*** Block opens ***

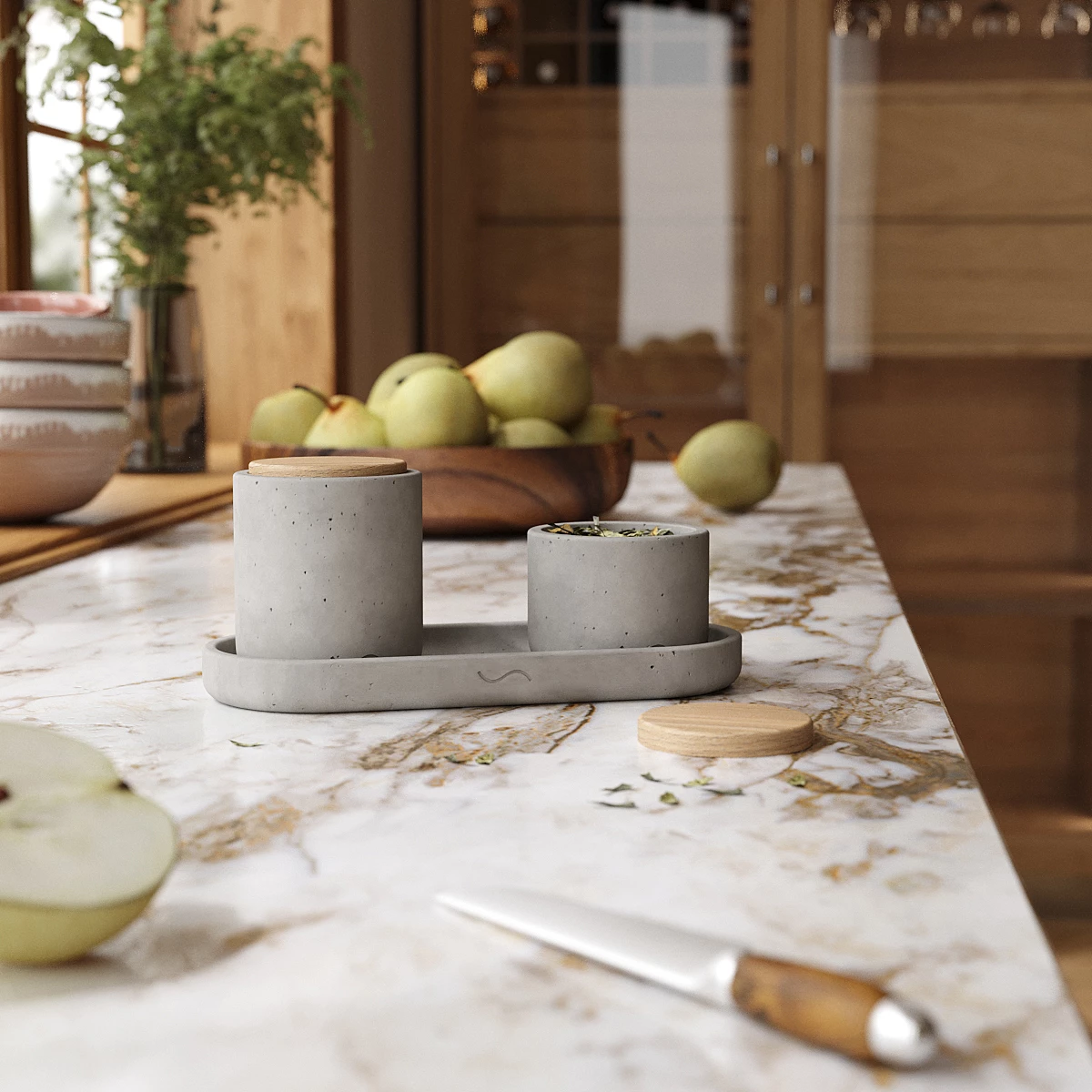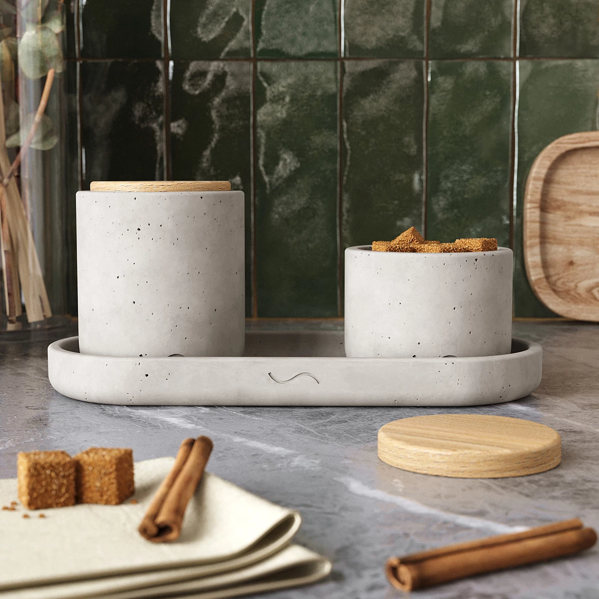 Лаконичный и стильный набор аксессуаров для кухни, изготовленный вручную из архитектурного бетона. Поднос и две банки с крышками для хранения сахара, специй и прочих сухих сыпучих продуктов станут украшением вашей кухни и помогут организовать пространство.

*** Block closes ***
*** Block opens ***

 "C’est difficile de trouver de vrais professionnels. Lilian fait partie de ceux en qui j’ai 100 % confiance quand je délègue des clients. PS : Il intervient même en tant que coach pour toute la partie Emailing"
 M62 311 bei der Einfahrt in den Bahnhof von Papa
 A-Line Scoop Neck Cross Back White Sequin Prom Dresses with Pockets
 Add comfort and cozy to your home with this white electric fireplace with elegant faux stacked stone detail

*** Block closes ***
*** Block opens ***

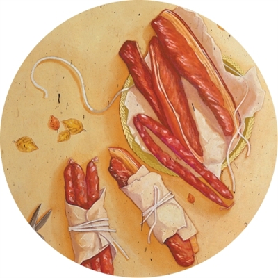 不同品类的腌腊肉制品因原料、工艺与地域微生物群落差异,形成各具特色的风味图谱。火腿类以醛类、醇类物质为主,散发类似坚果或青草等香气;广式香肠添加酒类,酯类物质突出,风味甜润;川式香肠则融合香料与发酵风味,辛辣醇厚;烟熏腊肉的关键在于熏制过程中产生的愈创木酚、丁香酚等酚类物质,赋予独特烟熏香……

*** Block closes ***

The answer is the run of lines above from the line containing "A-Line Scoop Neck" through the line containing "Add comfort and", copied exactly and alone.

■ Answer section ■
 A-Line Scoop Neck Cross Back White Sequin Prom Dresses with Pockets
 Add comfort and cozy to your home with this white electric fireplace with elegant faux stacked stone detail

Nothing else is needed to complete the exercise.